* WHAT THE TASK REQUIRES
Go through the listing below and output exactly the line with "Rszfnjxry Fast Charge", the line with "believe the yellow", and each line between; omit the rest.

* PROVIDED RECORDS
═══

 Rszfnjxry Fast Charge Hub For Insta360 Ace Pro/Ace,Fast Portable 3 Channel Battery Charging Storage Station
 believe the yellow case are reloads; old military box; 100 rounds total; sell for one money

═══

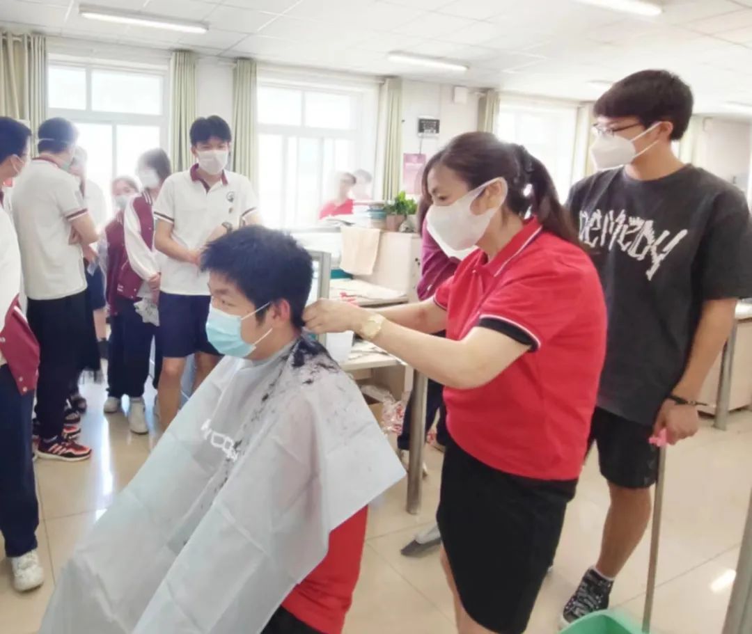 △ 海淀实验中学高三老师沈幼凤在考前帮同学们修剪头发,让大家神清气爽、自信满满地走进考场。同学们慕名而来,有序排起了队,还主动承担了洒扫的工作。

═══

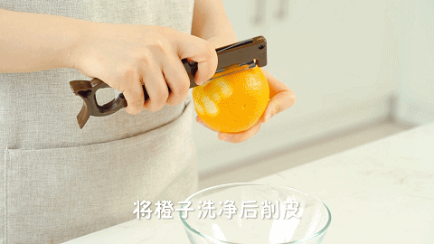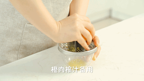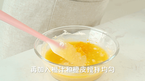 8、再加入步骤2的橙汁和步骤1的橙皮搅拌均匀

═══

* THE COMPLETED TASK
 Rszfnjxry Fast Charge Hub For Insta360 Ace Pro/Ace,Fast Portable 3 Channel Battery Charging Storage Station
 believe the yellow case are reloads; old military box; 100 rounds total; sell for one money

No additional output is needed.